**Work to complete**.
For the entries that follow, retype exactly the lines from the one containing "深灰绿的餐椅,与大理石的灰和谐相处。" to the one containing "Pair of Russian", inclusive, and only those. Images stay out of the copy.

**Record extracts**.

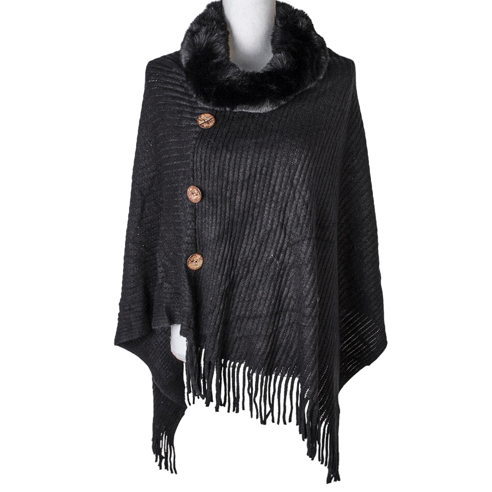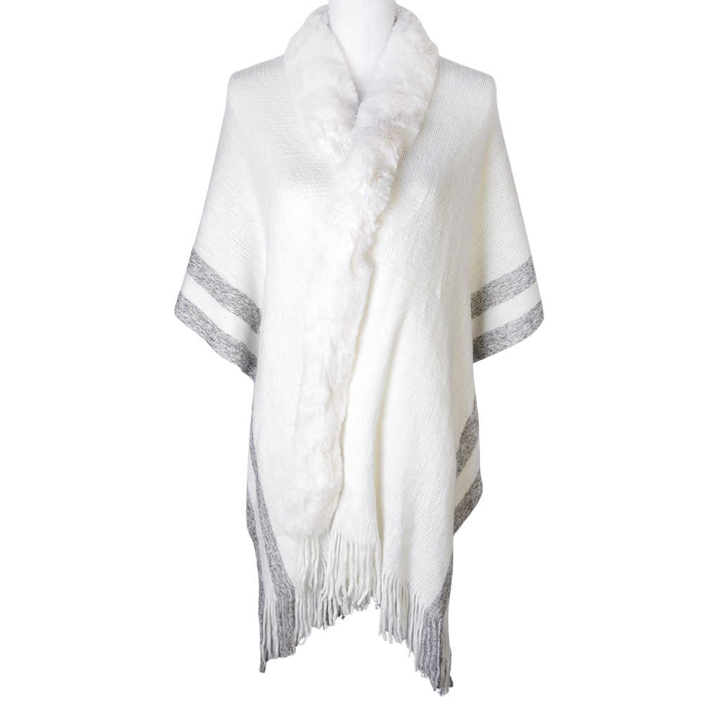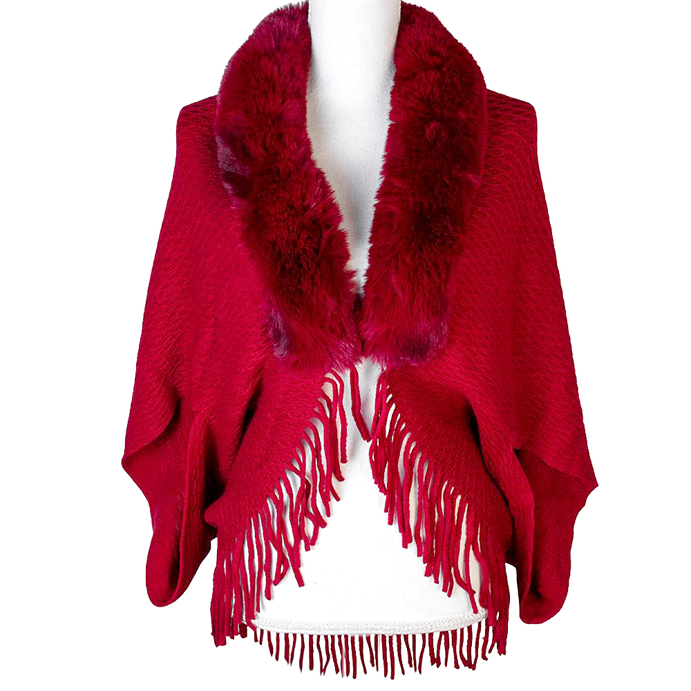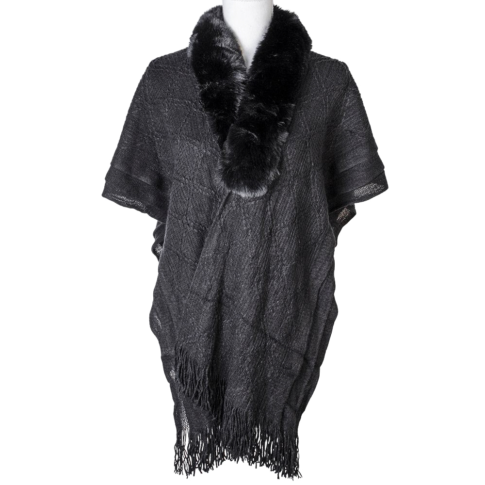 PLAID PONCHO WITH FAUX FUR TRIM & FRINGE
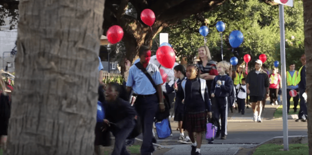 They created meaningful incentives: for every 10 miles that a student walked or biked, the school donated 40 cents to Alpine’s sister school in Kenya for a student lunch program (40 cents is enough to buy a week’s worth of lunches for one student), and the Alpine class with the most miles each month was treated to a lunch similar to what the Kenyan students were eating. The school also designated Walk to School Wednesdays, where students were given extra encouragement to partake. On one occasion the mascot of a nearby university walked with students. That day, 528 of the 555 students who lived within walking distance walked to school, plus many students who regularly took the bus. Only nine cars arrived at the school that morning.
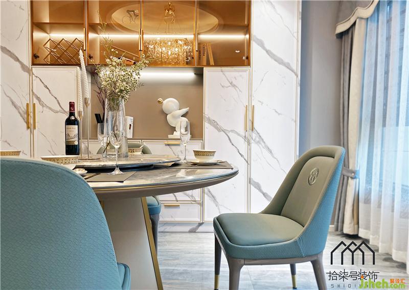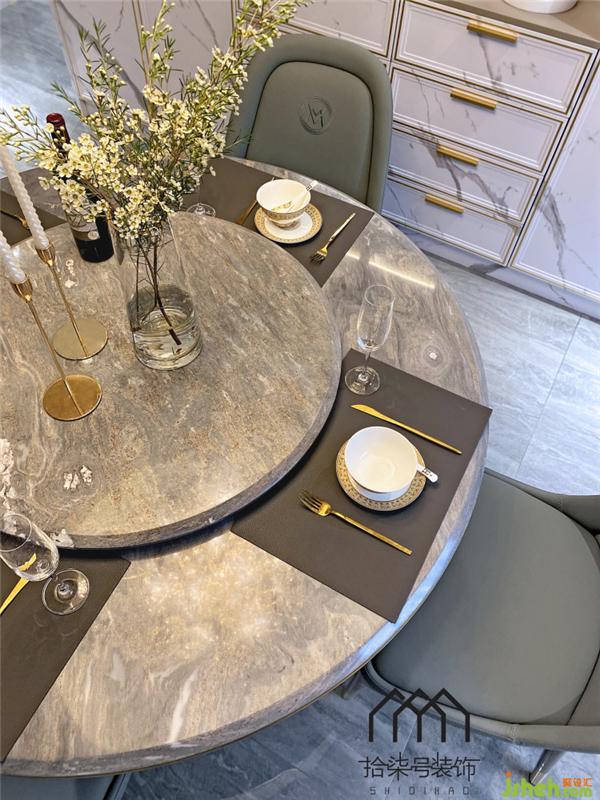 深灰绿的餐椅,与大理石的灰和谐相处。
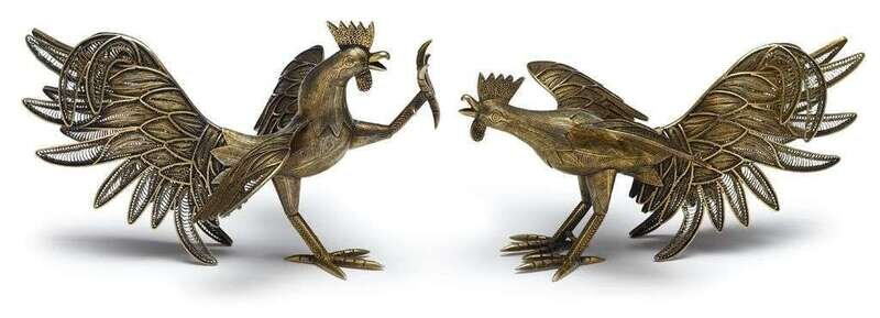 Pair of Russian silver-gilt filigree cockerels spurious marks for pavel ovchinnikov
==
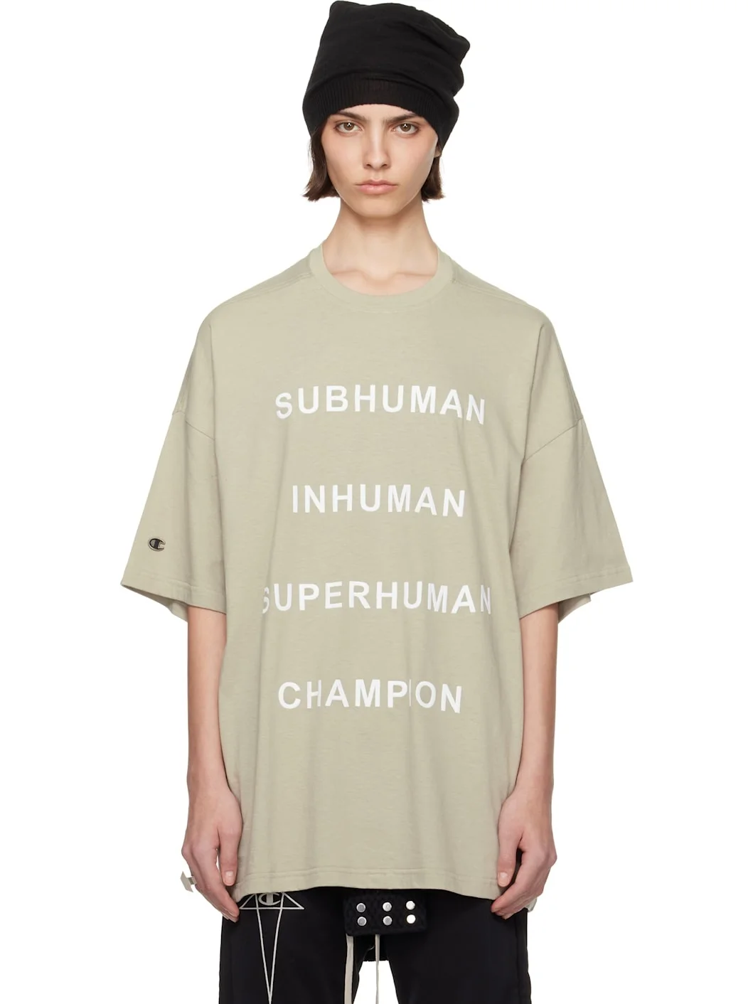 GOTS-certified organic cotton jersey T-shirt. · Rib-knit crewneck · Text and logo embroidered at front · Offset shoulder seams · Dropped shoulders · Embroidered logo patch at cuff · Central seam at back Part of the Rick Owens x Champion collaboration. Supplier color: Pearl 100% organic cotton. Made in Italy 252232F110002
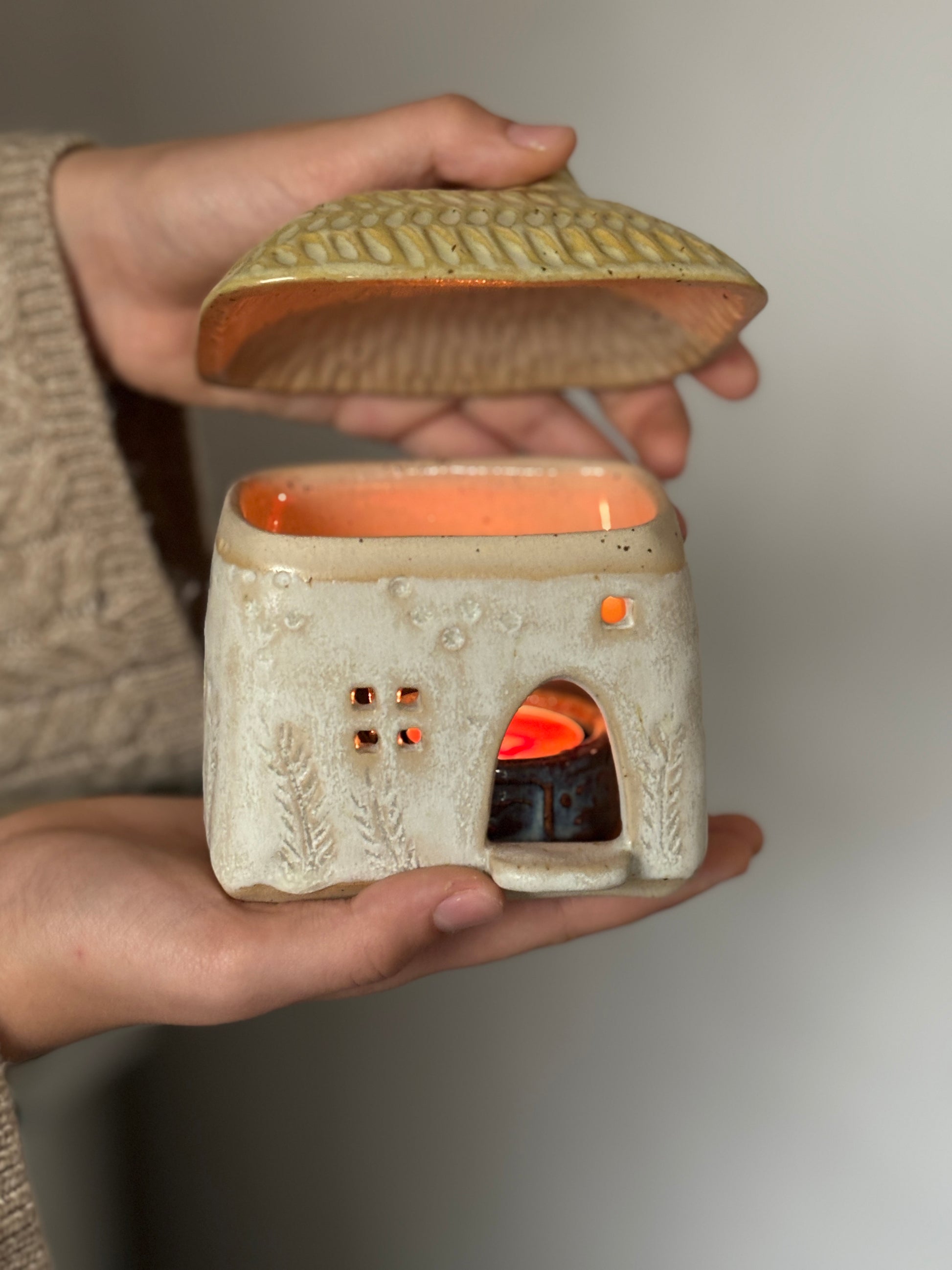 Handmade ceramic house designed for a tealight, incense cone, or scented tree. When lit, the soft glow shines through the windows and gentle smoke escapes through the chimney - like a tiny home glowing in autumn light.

**Written solution**.
 深灰绿的餐椅,与大理石的灰和谐相处。
 Pair of Russian silver-gilt filigree cockerels spurious marks for pavel ovchinnikov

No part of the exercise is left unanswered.